The local maximum and minimum values are:

Local maximum

g(0) = 0

Local minima

g(5.118) = -350.90

g(-1.368) = -9.90

Step-by-step explanation:

Let be g(x) = x^{4}-5\cdot x^{3}-14\cdot x^{2}. The determination of maxima and minima is done by using the First and Second Derivatives of the Function (First and Second Derivative Tests). First, the function can be rewritten algebraically as follows:

g(x) = x^{2}\cdot (x^{2}-5\cdot x -14)

Then, first and second derivatives of the function are, respectively:

First derivative

g'(x) = 2\cdot x \cdot (x^{2}-5\cdot x -14) + x^{2}\cdot (2\cdot x -5)

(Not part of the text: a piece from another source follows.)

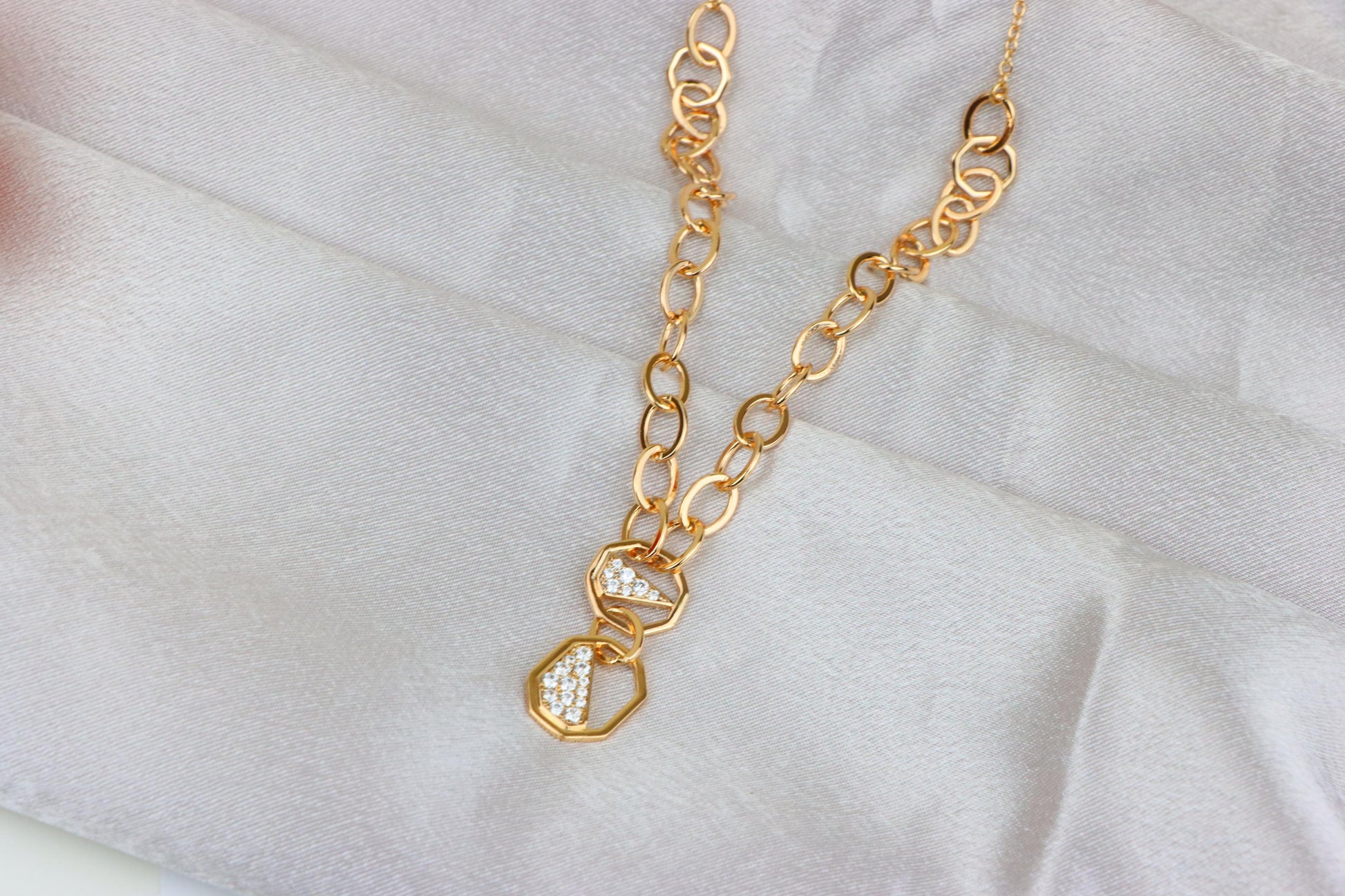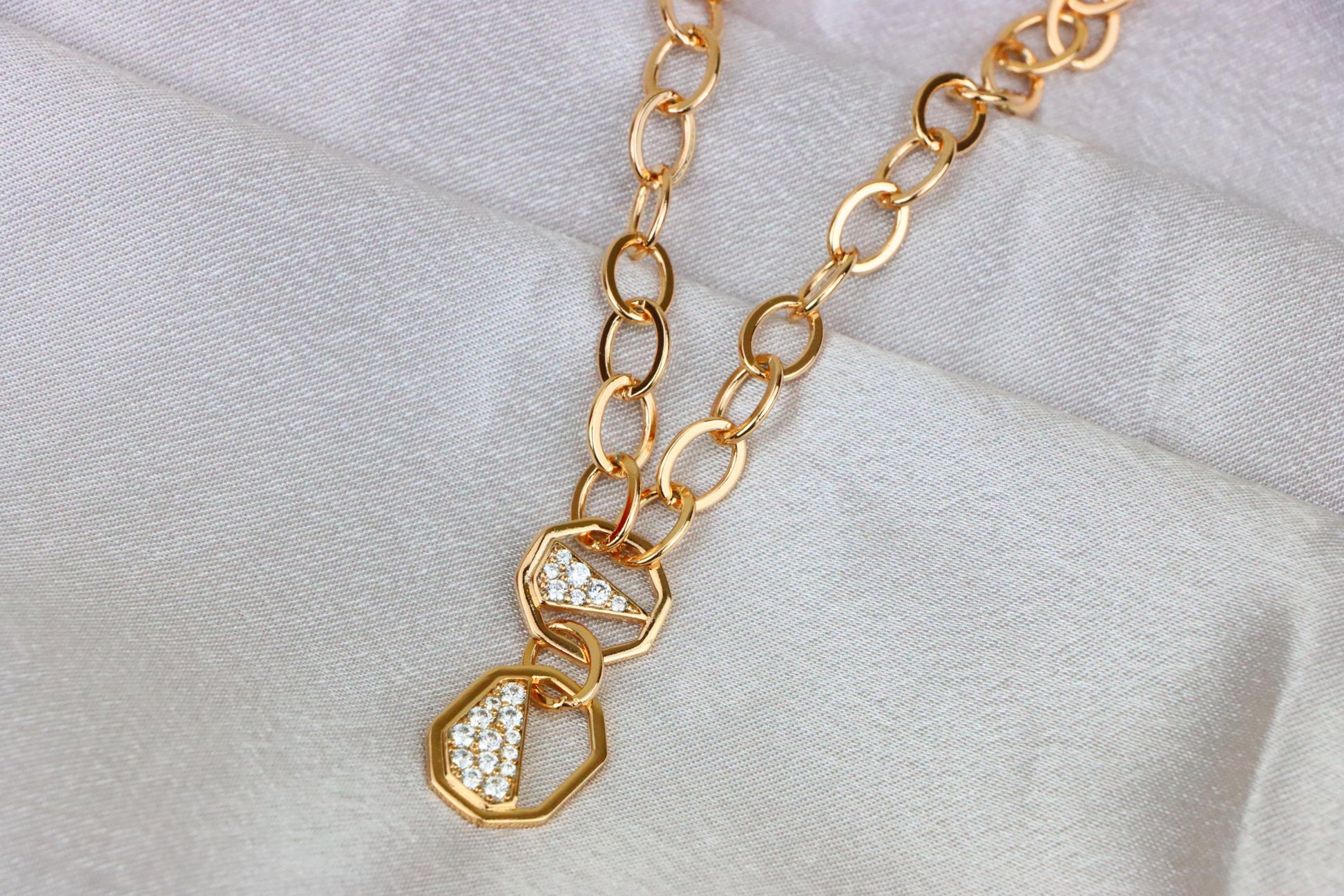 Bold and stylish rose gold necklace featuring a statement chain and geometric drop charms accented with sparkling crystals.

g'(x) = 2\cdot x^{3}-10\cdot x^{2}-28\cdot x +2\cdot x^{3}-5\cdot x^{2}

g'(x) = 4\cdot x^{3}-15\cdot x^{2}-28\cdot x

g'(x) = x\cdot (4\cdot x^{2}-15\cdot x -28)

Second derivative

g''(x) = 12\cdot x^{2}-30\cdot x -28

Now, let equalize the first derivative to solve and solve the resulting equation:

x\cdot (4\cdot x^{2}-15\cdot x -28) = 0

The second-order polynomial is now transform into a product of binomials with the help of factorization methods or by General Quadratic Formula. That is:

x\cdot (x-5.118)\cdot (x+1.368) = 0

The critical points are 0, 5.118 and -1.368.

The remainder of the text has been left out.